How to be efficient on top of a decently engineered jvm

Mark S. Miller markm@caplet.com
Thu, 06 May 1999 00:06:21 -0700


				Peano Movers


Right now, E has an unreasonably slow implementation.  It obviously needs to 
be compiled, but to what target platform?  An obvious answer (also used by 
JPython) is JVM bytecodes, resulting in a preservation of E's Java-derived 
platform independence, leverage of the existing Java libraries, and 
potential to ride the java-acceptance wave.
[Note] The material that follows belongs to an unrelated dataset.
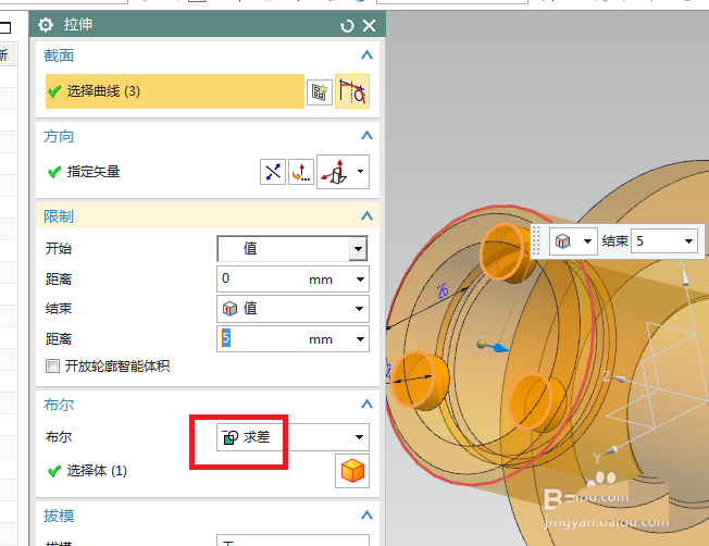 10、如下图所示,设置限制,0开始,5结束,布尔求差,点击确定。

However, there was one requirement for efficient execution I couldn't 
imagine how to do efficiently on even a decent stock jvm. 
Precision-unlimited integers.  (By "stock", I mean one not engineered 
specifically to enable E to run fast.)  Lisp, Smalltalk, Self, and other 
symbolic languages are only possible, in an engineering sense, because of 
the tagged arithmetic trick.

If you don't statically know the type of an object reference -- the typical 
case -- you can only allocate a generic "pointer to object".  If the object 
pointed to is a small integer (in Smalltalk, 29 bits), then tag bits in the 
pointer say that the rest of the bits are the integer.  The implementation 
of sending the "+" message first checks these tag bits, and only does a 
general message pass if they fail.  If the inputs are small and the result 
is small, no heap allocation happens, and the only extra cost is tag 
checking and overflow checking.

Unfortunately, jvm arithmetic is only built to be efficient for scalar types, 
scalars are *NOT* objects in java(!?!?), and java's static type checking is 
inescapable.  It seemed to me that the only reasonable jvm-compatible way to 
express E's integers was to always operate of references to BigIntegers, 
which means always heap allocating.

Then Ping told me how Python's arithmetic is implemented, which turns 
out to be similar to how symbolic languages implement other scalars, such as 
characters:  preallocate an array of the contiguous common ones as objects, 
and normally point at these preallocated objects.  For characters, one might 
decide, for example, to preallocate the ascii or latin-1 characters.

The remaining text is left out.